■ Records for the task:
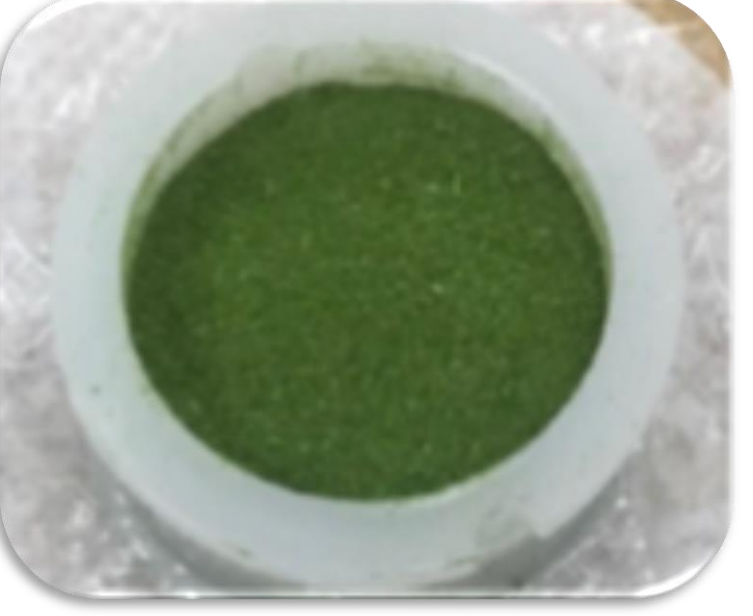
Figure 1a Figure 1b Figures 1a and 1b. Spinach leaves crushed and prepped for analysis; packed in cup

Using an open-ended 42mm XRF sample cup, cover one side with 3µm Prolene<sup>™</sup> film, and clamp it with the
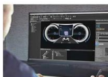
Scene Composer 2D/3D Authoring
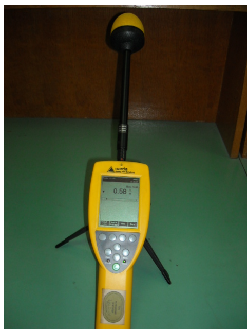
Fig. 2. NBM-550, „NARDA“ [6].

Intercomparison was performed by comparing the measured values of the electric field of different antennas (sensors) of EM field meters for the case when changing:
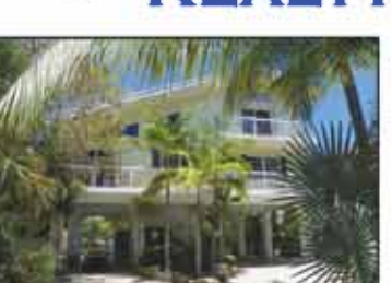
FOR RENT - LARGE 3/2 CANALFRONT - available immediately. Fully furnished and ready for all your summer fun. Located bayside on Blackwater Sound.
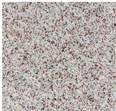
CQS-4704 | 0,3/0,8 mm Base* light grey

* Base: Colour of the base coat EP 99 EL+
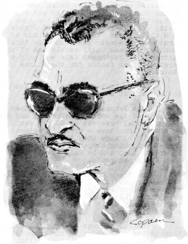
GAMAL ABDEL NASSER
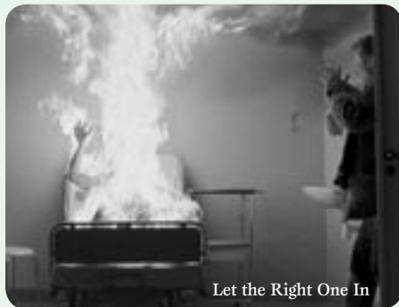
Let the Right One In

"LET THE RIGHT ONE IN not only re-energizes vampire cinema, this is one of the best pictures of 2008." (Brian Orndorf)
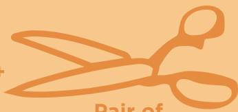
Pair of Scissors
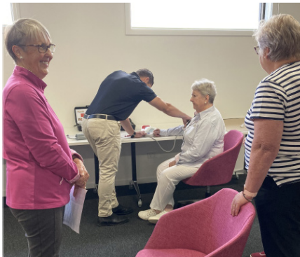
Pic Waiting for health checks - Senior's Week at Holbrook
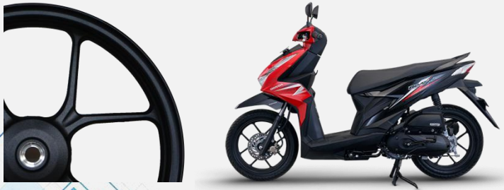
HONDA NEW BEAT (14 X 1.85/14 X 2.15)
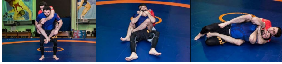
Example of positions that are NOT Back Mount (i.e. feet crossed; body triangle; feet not inside the opponent)

NOTE: It is not considered control if one of the feet is completely trapped between the opponent's thighs.
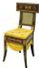
Ancient Greek Furniture 2000-300BC
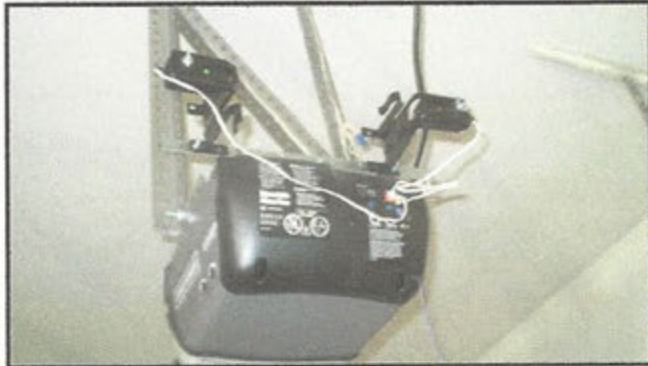
3.5 Item 1(Picture)
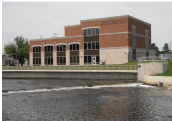
Smiths Falls Water Treatment Plant

An intake draws water from the Rideau River and directs it into the water treatment plant.
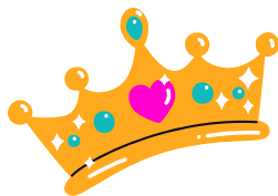
TIES AND TIARAS EVENT
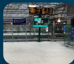
transport & infrastructure
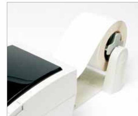
A wide range of options, including an external media stand
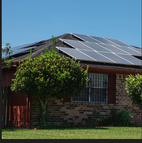
SOLAR PANELS MONITORING & CONTROL
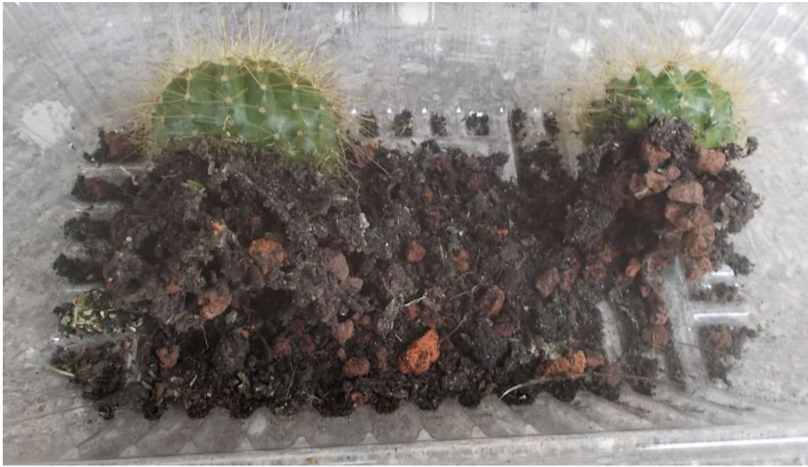
A closeup side view of the two specimens. Subjectively, their roots do not look any different from PClav offsets rooted in a soil mix. (May 2019)
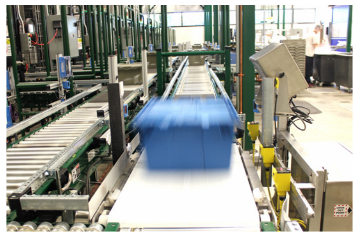
Storage: Conveyor transports totes back to Multishuttle.
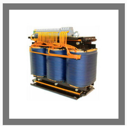
Three Phase Transformer

■ Task objective:
Looking at the entries above, copy out every line in which "feet" occurs.

■ Result of this task:
Example of positions that are NOT Back Mount (i.e. feet crossed; body triangle; feet not inside the opponent)
NOTE: It is not considered control if one of the feet is completely trapped between the opponent's thighs.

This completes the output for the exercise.